• RECORDS FOR THIS TASK

====

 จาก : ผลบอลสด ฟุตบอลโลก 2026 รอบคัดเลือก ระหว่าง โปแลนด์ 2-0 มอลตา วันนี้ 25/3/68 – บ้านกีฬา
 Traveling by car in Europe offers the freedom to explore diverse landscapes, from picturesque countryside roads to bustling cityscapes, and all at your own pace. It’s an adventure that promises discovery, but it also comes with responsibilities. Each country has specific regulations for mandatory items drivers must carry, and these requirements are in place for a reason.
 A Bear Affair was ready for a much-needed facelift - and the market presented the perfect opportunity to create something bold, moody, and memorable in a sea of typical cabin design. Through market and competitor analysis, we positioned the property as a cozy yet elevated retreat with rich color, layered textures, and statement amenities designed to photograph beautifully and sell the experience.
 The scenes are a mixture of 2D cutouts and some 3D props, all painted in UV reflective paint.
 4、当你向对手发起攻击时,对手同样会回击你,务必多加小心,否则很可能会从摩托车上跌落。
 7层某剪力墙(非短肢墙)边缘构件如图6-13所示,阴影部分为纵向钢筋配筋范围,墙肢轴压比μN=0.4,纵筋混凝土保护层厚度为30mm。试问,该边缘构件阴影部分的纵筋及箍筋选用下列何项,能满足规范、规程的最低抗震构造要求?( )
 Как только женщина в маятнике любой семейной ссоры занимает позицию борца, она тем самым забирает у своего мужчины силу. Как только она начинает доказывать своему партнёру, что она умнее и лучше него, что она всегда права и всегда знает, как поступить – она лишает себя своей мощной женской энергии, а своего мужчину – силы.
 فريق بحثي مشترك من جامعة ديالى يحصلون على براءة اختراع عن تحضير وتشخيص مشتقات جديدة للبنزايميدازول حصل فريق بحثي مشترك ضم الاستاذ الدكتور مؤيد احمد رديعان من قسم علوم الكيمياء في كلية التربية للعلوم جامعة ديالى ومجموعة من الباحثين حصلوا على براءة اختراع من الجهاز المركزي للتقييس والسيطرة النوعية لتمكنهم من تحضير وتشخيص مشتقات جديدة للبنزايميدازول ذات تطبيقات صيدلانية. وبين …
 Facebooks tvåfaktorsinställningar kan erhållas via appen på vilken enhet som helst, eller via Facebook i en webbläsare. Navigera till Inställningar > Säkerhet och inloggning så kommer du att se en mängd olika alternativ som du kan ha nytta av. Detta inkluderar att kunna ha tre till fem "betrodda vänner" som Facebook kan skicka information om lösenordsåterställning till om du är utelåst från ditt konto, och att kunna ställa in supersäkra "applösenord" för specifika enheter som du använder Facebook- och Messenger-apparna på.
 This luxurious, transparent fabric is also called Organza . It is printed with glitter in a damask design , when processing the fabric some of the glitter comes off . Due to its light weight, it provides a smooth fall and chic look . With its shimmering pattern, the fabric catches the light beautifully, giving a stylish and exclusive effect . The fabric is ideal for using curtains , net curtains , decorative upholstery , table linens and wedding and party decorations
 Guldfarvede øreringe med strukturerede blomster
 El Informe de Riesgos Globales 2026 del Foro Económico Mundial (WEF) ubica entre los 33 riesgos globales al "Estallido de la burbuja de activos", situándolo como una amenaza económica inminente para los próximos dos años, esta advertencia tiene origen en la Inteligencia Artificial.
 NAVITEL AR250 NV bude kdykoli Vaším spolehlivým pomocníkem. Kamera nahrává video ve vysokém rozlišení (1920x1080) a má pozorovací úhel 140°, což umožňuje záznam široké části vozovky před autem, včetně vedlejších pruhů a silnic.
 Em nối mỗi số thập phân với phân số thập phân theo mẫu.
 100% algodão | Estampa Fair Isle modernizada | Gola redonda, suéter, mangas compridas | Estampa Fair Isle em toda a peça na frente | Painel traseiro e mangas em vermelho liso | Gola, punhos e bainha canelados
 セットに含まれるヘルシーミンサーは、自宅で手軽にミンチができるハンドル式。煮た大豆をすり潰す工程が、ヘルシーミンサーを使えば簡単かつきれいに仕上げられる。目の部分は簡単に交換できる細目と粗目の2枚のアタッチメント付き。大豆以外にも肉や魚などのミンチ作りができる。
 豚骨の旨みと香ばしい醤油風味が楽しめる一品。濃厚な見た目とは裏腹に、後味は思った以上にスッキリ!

====

Every line from the one containing "NAVITEL AR250 NV" through the end of the material above should be retyped exactly; please include nothing else.

• FINISHED EXERCISE
 NAVITEL AR250 NV bude kdykoli Vaším spolehlivým pomocníkem. Kamera nahrává video ve vysokém rozlišení (1920x1080) a má pozorovací úhel 140°, což umožňuje záznam široké části vozovky před autem, včetně vedlejších pruhů a silnic.
 Em nối mỗi số thập phân với phân số thập phân theo mẫu.
 100% algodão | Estampa Fair Isle modernizada | Gola redonda, suéter, mangas compridas | Estampa Fair Isle em toda a peça na frente | Painel traseiro e mangas em vermelho liso | Gola, punhos e bainha canelados
 セットに含まれるヘルシーミンサーは、自宅で手軽にミンチができるハンドル式。煮た大豆をすり潰す工程が、ヘルシーミンサーを使えば簡単かつきれいに仕上げられる。目の部分は簡単に交換できる細目と粗目の2枚のアタッチメント付き。大豆以外にも肉や魚などのミンチ作りができる。
 豚骨の旨みと香ばしい醤油風味が楽しめる一品。濃厚な見た目とは裏腹に、後味は思った以上にスッキリ!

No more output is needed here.